**RECORDS FOR PROCESSING**
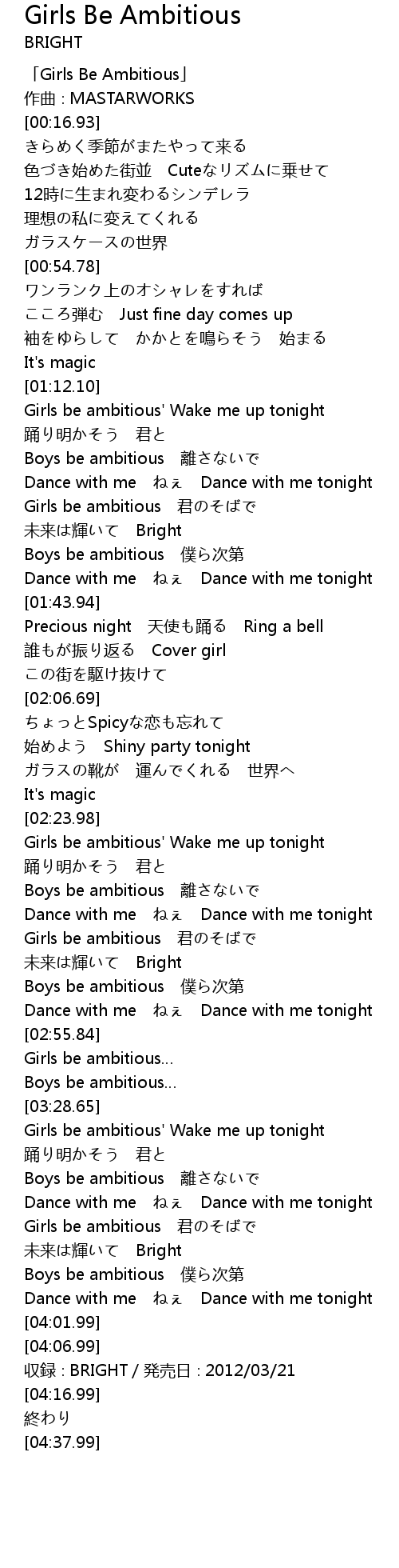 | [00:00.93] | 「Girls Be Ambitious」 |
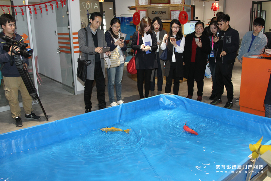 1/0采訪團(tuán)在觀看機(jī)器魚在水中游動(dòng)。(于淼/文 樊世剛/攝)
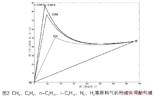 由圖2可以看出:以CH4、H2、N2三組分,C3H8、H2、N2三組分,n-C4H10、H2、N2三組分,i-C4H10、H2、N2三組分等形成的各配氣區(qū)間和共同配氣域,其邊界線并不都是直線形式。各原料氣形成的配氣邊界線中,任兩組可燃?xì)怏w形成的配氣邊界線為指數(shù)曲線形式;而N2與H2、N2與另一可燃?xì)怏w形成的配氣邊界線為直線形式。
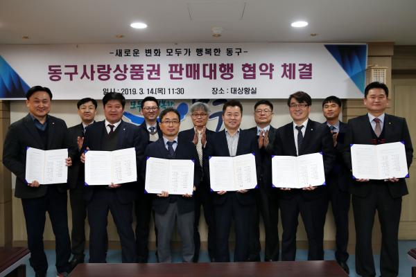 이날 협약식에는 허인환 동구청장과 동구사랑상품권 판매대행점 금융기관 대표 10명이 참석해 업무 협약을 체결하고, 동구사랑상품권 판매 및 환전 업무에 차질이 없도록 긴밀한 협력체계를 구축하기로 했다.
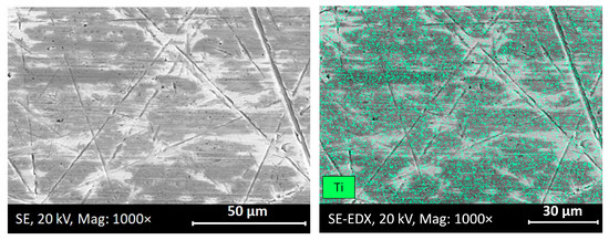 Figure 11 shows the scanning electron microscopy images of the wear track of the disc tested with a 0.4 wt% TiO2 nanoadditive (left column), supplemented with the Ti locations measured with EDX (right column). The figures in the upper row were taken in the middle point of the wear track, while the lower ones are in the dead center of the ball. The results are very similar to the measurements with CuO nanoparticles. Based on the electron microscopy images, it can be established that the wear is minor, and the original surface structure can still be observed. Polishing and abrasion marks visible in the direction of ball movement are the main type of wear. It can be observed on the surface that there are large dark spots and slightly fewer light areas, which are mainly visible in the deeper parts. In the dark areas, overbased calcium sulfonate created the protective layer.
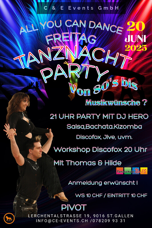 Lasst uns abtanzen und das Leben feiern am Freitag den 20. Juni im Pivot in St.Gallen mit der neuen Tanznacht Party im Pivot!!! Discofox Workshop mit Thomas und Hilde " Tanzschule No10" von 20.00 – 21.00 Uhr Der Discofox Workshop richtet sich an Tänzer, die bereits die Basic-Schritte beherrschen. Der Kurs wird von einem erfahrenen ADTV- und BDT-zertifizierten Lehrer geleitet, der mehrfacher Deutscher Meister in Discofox ist. Ziel ist es, die bereits vorhandenen Grundkenntnisse zu vertiefen und neue Figuren sowie Techniken zu erlernen, um noch sicherer und mit mehr Freude zu tanzen. Workshop 10 CHF / Party: 10 CHF Eintritt Party ab 21.00 Uhr mit DJ Hero Workshop Anmeldung und Infos: Phone 078 209 93 31 oder per Mail an info@ce-events.ch Wir freuen uns auf einen schönen Abend mit Euch! C & E Events GmbH/Pivot www.ce-events.ch

**REQUIRED WORK**
Every line of the data above is to be set down word for word, with the pictures left out.

**YOUR SOLUTION**
 | [00:00.93] | 「Girls Be Ambitious」 |
 1/0采訪團(tuán)在觀看機(jī)器魚在水中游動(dòng)。(于淼/文 樊世剛/攝)
 由圖2可以看出:以CH4、H2、N2三組分,C3H8、H2、N2三組分,n-C4H10、H2、N2三組分,i-C4H10、H2、N2三組分等形成的各配氣區(qū)間和共同配氣域,其邊界線并不都是直線形式。各原料氣形成的配氣邊界線中,任兩組可燃?xì)怏w形成的配氣邊界線為指數(shù)曲線形式;而N2與H2、N2與另一可燃?xì)怏w形成的配氣邊界線為直線形式。
 이날 협약식에는 허인환 동구청장과 동구사랑상품권 판매대행점 금융기관 대표 10명이 참석해 업무 협약을 체결하고, 동구사랑상품권 판매 및 환전 업무에 차질이 없도록 긴밀한 협력체계를 구축하기로 했다.
 Figure 11 shows the scanning electron microscopy images of the wear track of the disc tested with a 0.4 wt% TiO2 nanoadditive (left column), supplemented with the Ti locations measured with EDX (right column). The figures in the upper row were taken in the middle point of the wear track, while the lower ones are in the dead center of the ball. The results are very similar to the measurements with CuO nanoparticles. Based on the electron microscopy images, it can be established that the wear is minor, and the original surface structure can still be observed. Polishing and abrasion marks visible in the direction of ball movement are the main type of wear. It can be observed on the surface that there are large dark spots and slightly fewer light areas, which are mainly visible in the deeper parts. In the dark areas, overbased calcium sulfonate created the protective layer.
 Lasst uns abtanzen und das Leben feiern am Freitag den 20. Juni im Pivot in St.Gallen mit der neuen Tanznacht Party im Pivot!!! Discofox Workshop mit Thomas und Hilde " Tanzschule No10" von 20.00 – 21.00 Uhr Der Discofox Workshop richtet sich an Tänzer, die bereits die Basic-Schritte beherrschen. Der Kurs wird von einem erfahrenen ADTV- und BDT-zertifizierten Lehrer geleitet, der mehrfacher Deutscher Meister in Discofox ist. Ziel ist es, die bereits vorhandenen Grundkenntnisse zu vertiefen und neue Figuren sowie Techniken zu erlernen, um noch sicherer und mit mehr Freude zu tanzen. Workshop 10 CHF / Party: 10 CHF Eintritt Party ab 21.00 Uhr mit DJ Hero Workshop Anmeldung und Infos: Phone 078 209 93 31 oder per Mail an info@ce-events.ch Wir freuen uns auf einen schönen Abend mit Euch! C & E Events GmbH/Pivot www.ce-events.ch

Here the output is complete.